I'll do the math, of course, and keep looking for more documentation, but I'll also take my cue from the fact that hockey runs in this family's blood. Detail by detail, across all eight of the siblings who survived to adulthood, what I can find hidden between the lines may, in the aggregate, be what leads me to the answers I'm seeking on this family line. 

Tuesday, September 5, 2023

Looking for
the Stories Behind the Ancestors


Granted, not many of us know our own third cousins, personally. But this month, in researching the descendants of a newly-discovered branch of my father-in-law's Tully family, I found one I wish I had gotten to know. 

Dennis Tully, that Irish-born Canadian immigrant whose descendants showed up in my husband's DNA matches, unexplained, had a large family which included several daughters. One of them, named Johanna but preferring to go by Hannah for short, married a man by the name of Hugh Kane. They, in turn, settled in Stratford, Ontario, where they had a somewhat smaller family than the Tullys' own, the oldest of which Hugh and Hannah named Frederick Hugh Kane.

Frederick eventually married a Stratford gal named Lillian, from which followed at least eight children that I could find, with the last two being twins. While I have yet to determine part of their family story—Lillian seemed to be the strong influence in this household—I noticed a theme developing in the siblings' stories. They were all active—and one skill that they liked in particular was ice skating.

No surprise, here; they're Canadian.
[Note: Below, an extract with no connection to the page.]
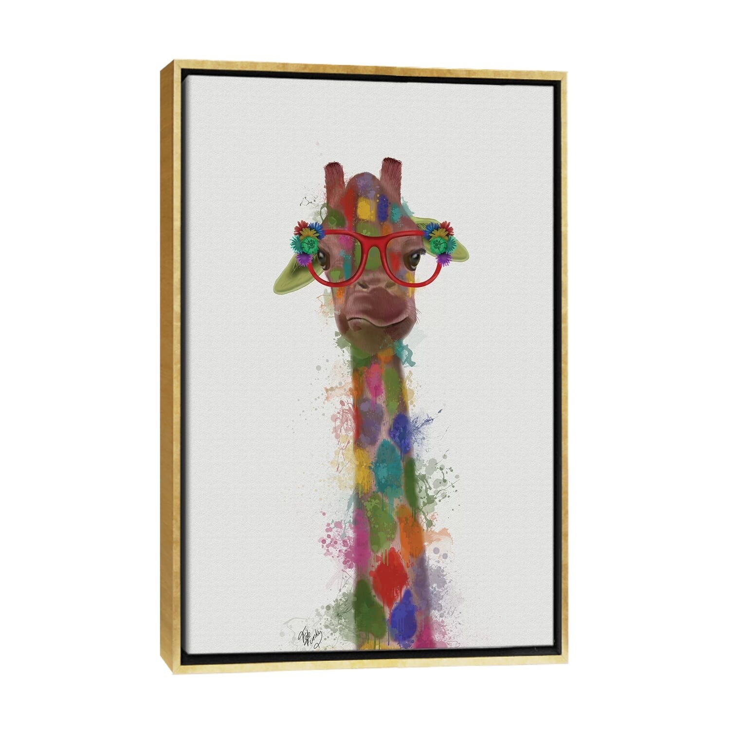iCanvas "Rainbow Splash Giraffe III" by Fab Funky Framed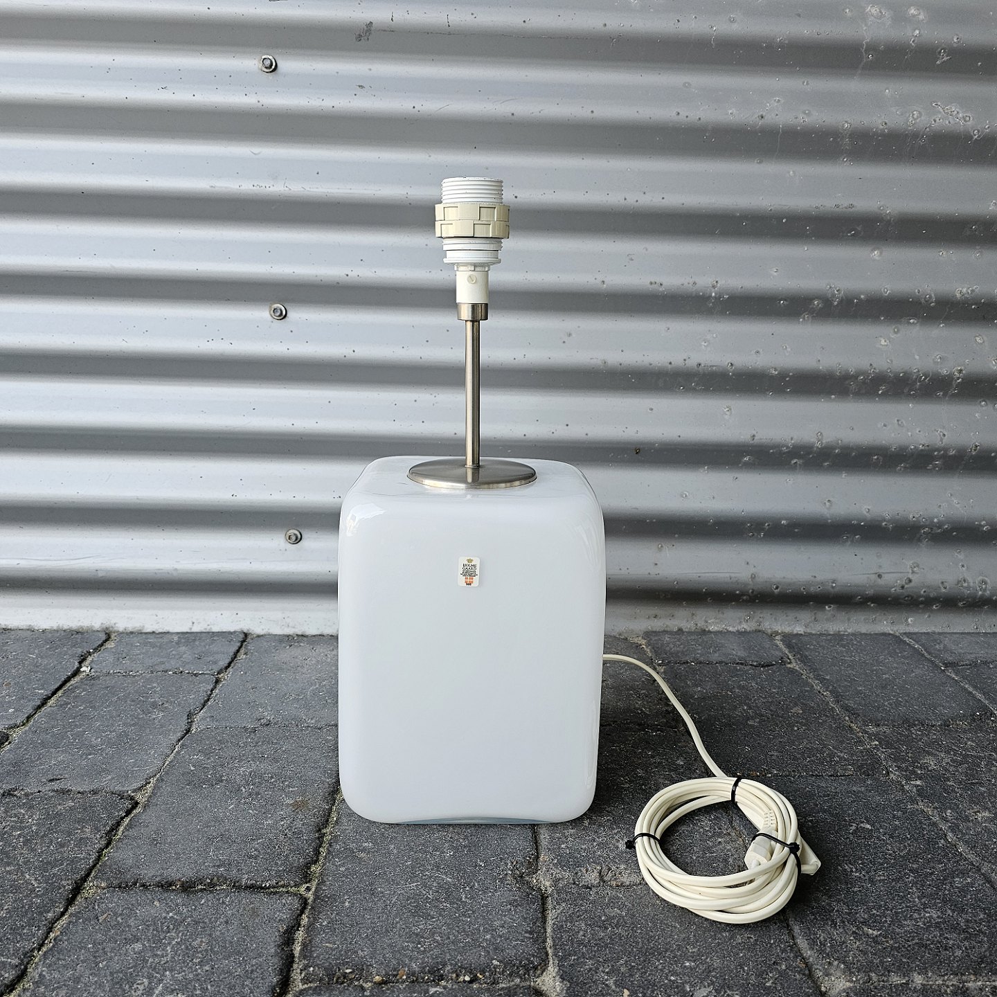 Opal hvid lampe med kvadratisk fod

Plenty of opportunities to practice their hobby, eh?

I began seeing this trend as I read through the siblings' obituaries. When I got to one in particular, I found myself wishing I had had the opportunity to meet him in person. The memorial styled him as someone with roots in Canada, but there was so much more to say about the man. He was apparently a great storyteller, "never met a stranger" and "could learn everything about a person in the course of an elevator ride." Credited with "silent generosity," he served on his adopted city's parks and recreation board for eighteen years, after which the city named a park in his honor. At the close of the obituary, where typical "in lieu of flowers" statements are inserted, this one was different: "that you would do one spontaneous, unsolicited act of kindness for someone."

This Tully descendant alone, of all his siblings in the Kane family, had left Canada and settled in Texas, which might have explained the border crossing documents I was able to find. As it turns out, there was a reason for that, and it had to do with his love of skating. Actually, that love of skating brought him to cities across the North American continent, places like Detroit, Saint Louis, Tulsa, Indianapolis, Los Angeles, and Vancouver--as well as the Fort Worth area, where he eventually settled. As a professional ice hockey player, Francis J. Kane—or Red Kane, as he came to be called—played in 447 games from 1943 through 1951. While most of his games were played in the minor leagues, he did play for the major league Detroit Red Wings.

It was fun to find so many details about the life of this third cousin. More than just building out a family tree with bland names, places, and dates, I've always wanted to include the stories that seem to bring these people back to life again. Newspapers are one way to attempt getting the bigger picture, but sometimes that resource is as limited as the editorial policy in place in an ancestor's hometown paper. Granted, it is not every day that we find write-ups in Wikipedia under our relative's name—but sometimes, that rare occurrence can provide information as well as links to other resources about that family member. Sometimes, just googling the family member's name, or looking through old history books at Internet Archive can also provide resources for those stories we crave.

When we do find those unexpected stories, what a treasure they are. At the slightest hint that they might be out there, it's worth taking the time to go take a look.